Não encontramos a proibição de 1665, nem tampouco a lei de 1690, mas existem muitos documentos tratando da tributação do sal, como o Regimento dos Direitos do Sal da Alfândega de Lisboa, de 13 de julho de 1638, registrado na Collecção Chronológica da Legislação Portugueza.

Dispensável informar que as duas proibições, de 1665 e 1690, não foram localizadas.

Fontes:

BRITO, Luiz Tenório de. Prometi. Aqui Estou. In Revista do Instituto Histórico e Geográfico de São Paulo, Volume LIX, paginas 59 a 70.

CLAMAGERAN, J. J., Histoire de l’Impôt en France. 3 volumes. Paris: Librairie de Guillaumin, 1867, 1868 e 1876. Disponíveis em epub, pdf, e word em www.mercadores.com.br, na aba História.

FREIRE, Pascoal José de Melo. Instituições de Direito Civil Português, Volume I. Versão Portuguesa de Miguel Pinto de Meneses.

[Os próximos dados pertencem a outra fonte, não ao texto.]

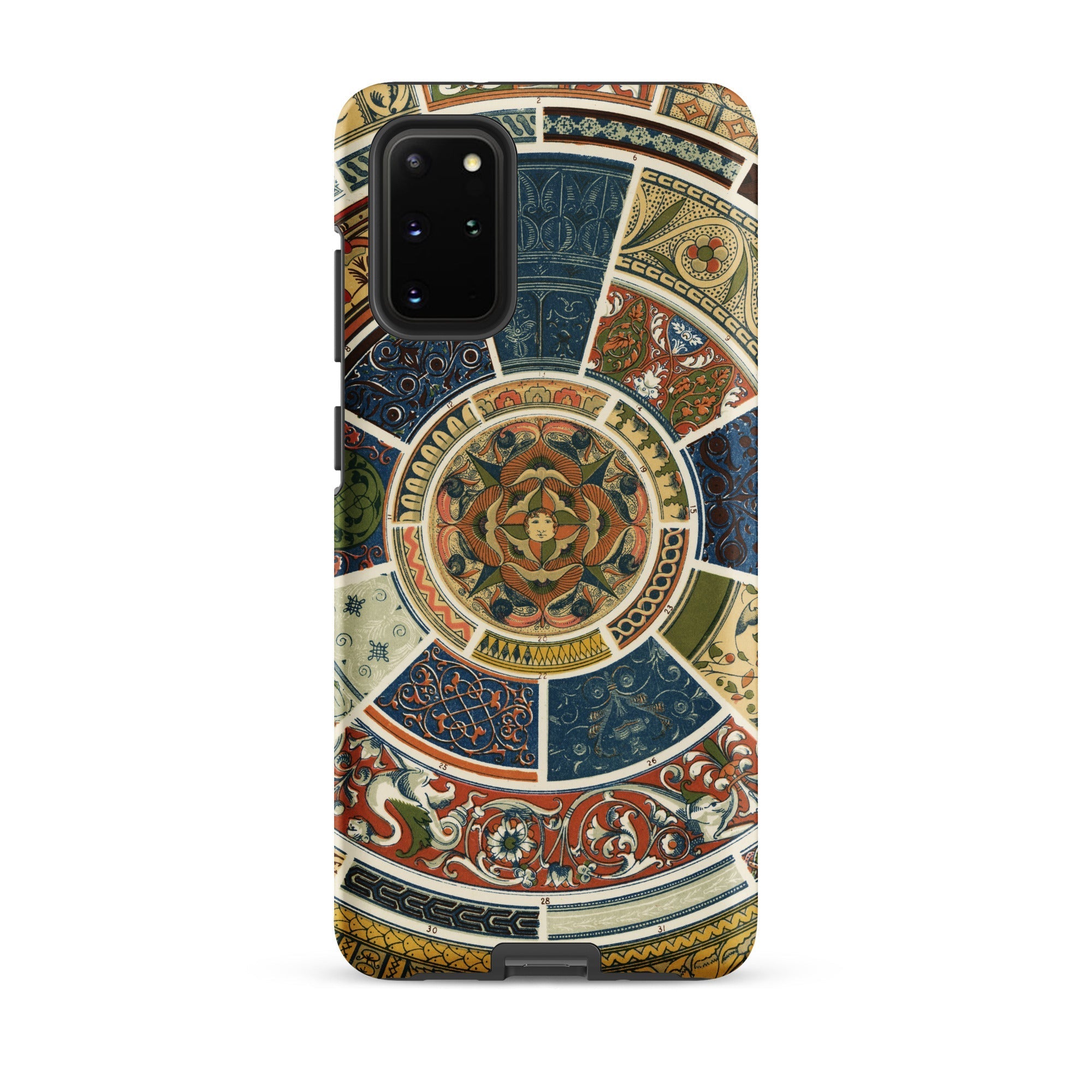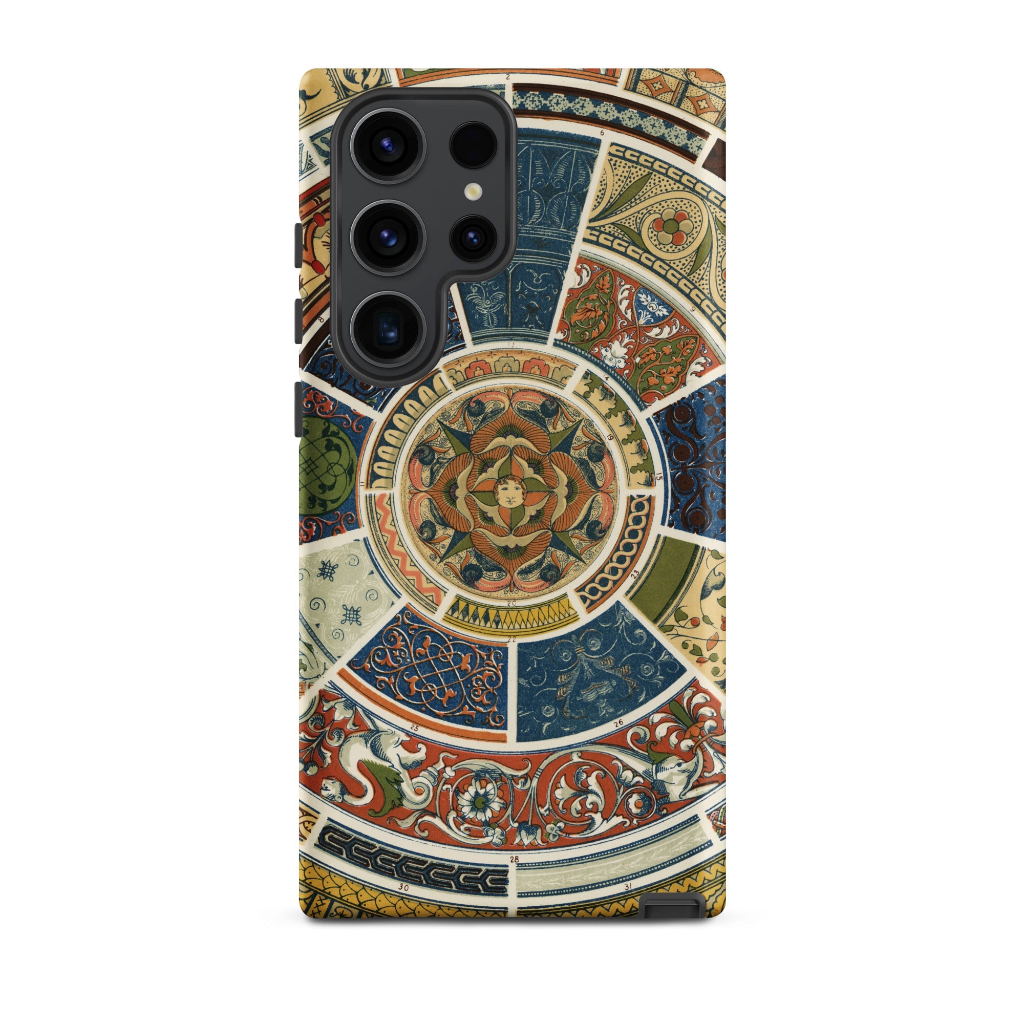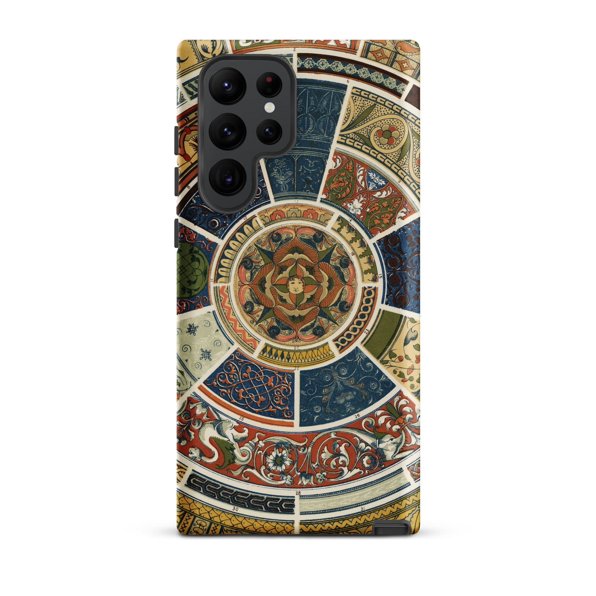 La cara del sol cromolitográfica de Owen Jones brilla dentro de un halo arabesco. Radiando desde la columna vertebral de este estuche Samsung, sus frondas rizadas se encuentran con bandas de azul persa, verde musgo y trabajo de pergamino carmesí.
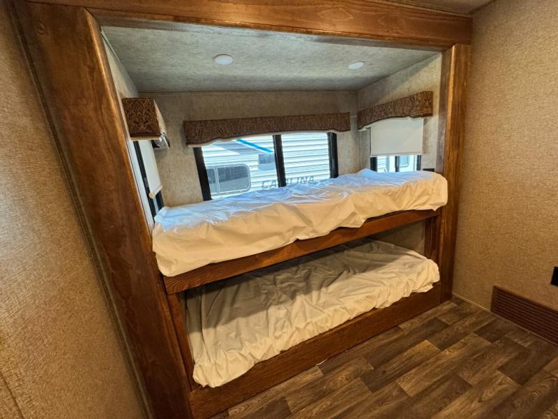 4 slide-outs and dual power awnings for a spacious campsite setup.

Lisboa: Boletim do Ministério da Justiça, 1966. Disponível em http://www.governodosoutros.ics.ul.pt.

LIMA, Heitor Ferreira (1905-1989). História do pensamento econômico no Brasil, página 71. São Paulo: Companhia Editora Nacional, 1976.

SILVA, José Justino de Andrade e, Collecção Chronológica da Legislação Portugueza, 1634 - 1640. Lisboa: Imprensa de J. J. A. Silva, 1855.